Zooming in on vacancy rates reveals a pivotal metric that serves as a barometer for housing supply and demand dynamics, geographic expansion, and various other socioeconomic indicators. Boulder County’s trajectory unveils a common narrative: the steady decline in vacancy rates from 2008 to 2016 reflected the nation’s recovery from the Great Recession, a turbulent time that heavily impacted the entire U.S. economy, but specifically real estate and the housing market. However, the onset of COVID in 2019 marked a stark reversal. Vacancy rates surged by an alarming 58% year-over-year, escalating to 5.53%. The following year of 2020 bore witness to another sharp uptick, reaching 6.19%. The pandemic’s economic fallout, compounded by widespread job losses, led to a cascade of housing insecurities, massively increasing tensions and the strain on available housing stock. The actual number of vacant housing units in Boulder County skyrocketed by nearly 62%, surging to 7,716 in 2019, underscoring the profound impact of COVID-19 on the local housing landscape. Surges in vacancy rates can lead to a number of collateral effects that reverberate past just empty homes. Vacant properties can have a negative impact on the community well-being. Residents may find themselves grappling with lower quality of life.

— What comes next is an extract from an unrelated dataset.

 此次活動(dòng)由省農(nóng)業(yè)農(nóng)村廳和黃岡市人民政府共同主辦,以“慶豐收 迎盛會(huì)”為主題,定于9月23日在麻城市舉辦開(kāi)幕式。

Housing Units and Vacancy Rate in Boulder (Data Source: U.S. Census)

Among the plethora of metrics that shine light on the housing market’s pulse, builder permit counts are an excellent gauge of healthiness. The significant decline from 2,954 permits in 2018 to 1,650 in 2019 paints a strong picture — one that is highly indicative of the profound effects of COVID. Supply chains struggled and building product companies grappled with tight constraints which ultimately hindered the flow of new projects. The tightening grip on deal flow underscored the deep reality; builders faced new hurdles in securing permits. New permits and new construction serve as a pillar for economic activity, job creation, and a vast array of other things. This 44% year-over-year represented a bottleneck which throttled progress and heightened the problem of housing shortage.

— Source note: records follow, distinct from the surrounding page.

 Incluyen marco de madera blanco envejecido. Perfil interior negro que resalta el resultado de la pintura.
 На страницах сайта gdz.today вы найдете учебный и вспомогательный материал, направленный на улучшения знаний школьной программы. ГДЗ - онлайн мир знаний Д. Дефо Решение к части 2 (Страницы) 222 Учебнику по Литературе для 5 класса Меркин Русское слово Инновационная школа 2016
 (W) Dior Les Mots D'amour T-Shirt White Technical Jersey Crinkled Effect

Boulder County also saw a plummet in net migration — the number of households moving into the county less the number moving out. Specifically, it dropped from 1,893 in 2018 to a mere 245 in 2019. This drastic change coupled with the rise in vacancy and the drop in permits can heavily upset the fragile balance of supply and demand. With fewer households relocating to the county and construction activity diminishing, economic growth and community development is stifled.

Amidst the hectic fluctuations in vacancy rates, building permits, and net migration — household size remained remarkably unchanged. Spanning from 2017 to 2020, the average household size in Boulder County held steady at 2.38. While one might expect shifts in household size as a response to events such as a pandemic, Boulder County showed stability in this area.

Conclusion

In conclusion, this analysis of demographic shifts and housing market effects has shown insights into the changes effecting the nation and our town of Boulder. From shifts in population growth and income distribution to fluctuations in vacancy rates and building permits, the relationships between demographic trends and housing market metrics reveal a complex web that works to shape the foundation of our communities. As the nation and places like Boulder work to navigate this new post-pandemic world, understanding these dynamics becomes increasingly crucial for policymakers, urban planners, and stakeholders alike. By recognizing and understanding the evolving needs and preferences of residents and aligning housing policies and investments accordingly, we can strive to create more resilient, equitable, and vibrant communities.